The next day two women, identifying themselves as two of the dragons' wives, living in Dongji (pond) and Cheongji (pond), came to the king and asked the king to retrieve their dragon husbands taken away by the Tang missionaries. The king immediately sent his men in to bring back the dragons, permitting them live in the Bunhwangsa well.

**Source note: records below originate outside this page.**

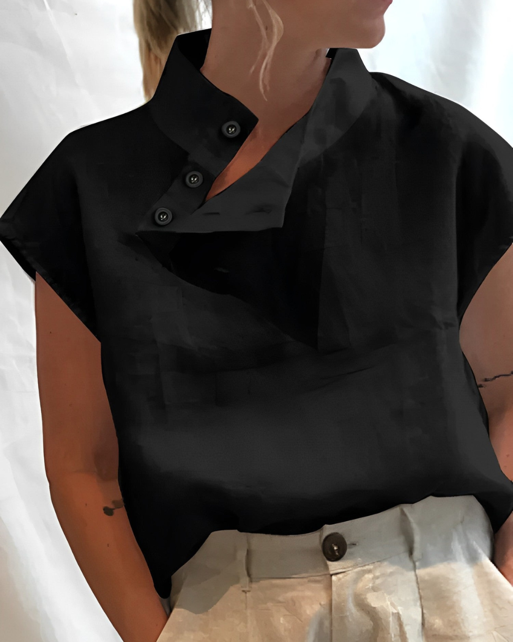 Nour | Blúzka pre ženy s krátkym rukávom a vysokým golierom
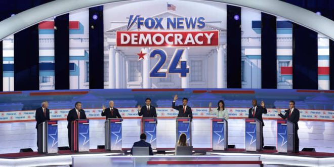 رفع جميع المرشحين الرئاسيين الجمهوريين، باستثناء واحد، أيديهم في المناظرة التي عقدها الحزب الأمريكي عندما سُئلوا عما إذا كانوا سيدعمون الرئيس الأمريكي السابق دونالد ترامب إذا أصبح مرشح الحزب – حتى لو تمت إدانته.
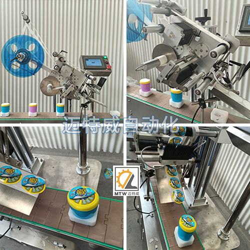 這款平面貼標(biāo)機(jī)是針對(duì)這種特殊瓶設(shè)計(jì)定制的,輸送帶上加定位模具,固定產(chǎn)品,平面貼標(biāo),精度更高。
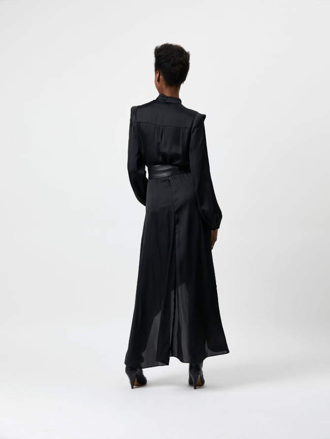 The Sora plain long skirt in Raven is an understated design that retains maximum impact. Made from a drapey satin with anti-static finishing, it sits high at the waist and falls to the floor with a wide, open, fluid cut. The skirt is shorter at the front, and longer in the back which creates the illusion of longer looking legs. Style yours with the matching blouse to create an elegant yet sophisticated look from desk-to-dinner.
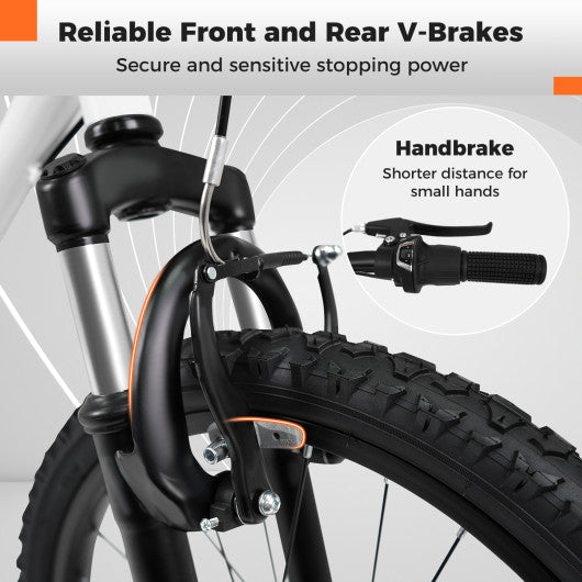 Dual Braking System: The mountain bike is fitted with reliable front and rear V-brakes which offer secure and sensitive stopping power allowing for quick and efficient stopping. In addition the handbrake design with a shorter distance accessible for smaller hands.

==Gyeongsangbuk-do Tangible Cultural Property No. 97==
Monument pedestal of Hwajaengguksa erected in 1101 at the wish of King Sukjong. Only the stele, with its original calligraphy, remains. This monument appeared to have been destroyed in 1597 (the 30th year of King Seonjo's reign) when the temple was destroyed, and only the pedestal of the monument was left. The historical research of Chusa Kim Chŏnghŭi, who visited the temple at the end of the Joseon dynasty, revealed that it was a monument erected by Wonhyo. Some of the inscriptions were written on the site of the Daedonggeumseokseo, which was discovered in the Bunhwangsa Temple compound in 1976, and are located in the museum of Dongguk university.

==Gyeongsangbuk-do Cultural Property Material No. 317==
Yaksayeorae, a statue built in 1774, during the 50th year of King Yeongjo.

==Flagpole holder==

Also of note is the flagpole holder which survives from the Silla era.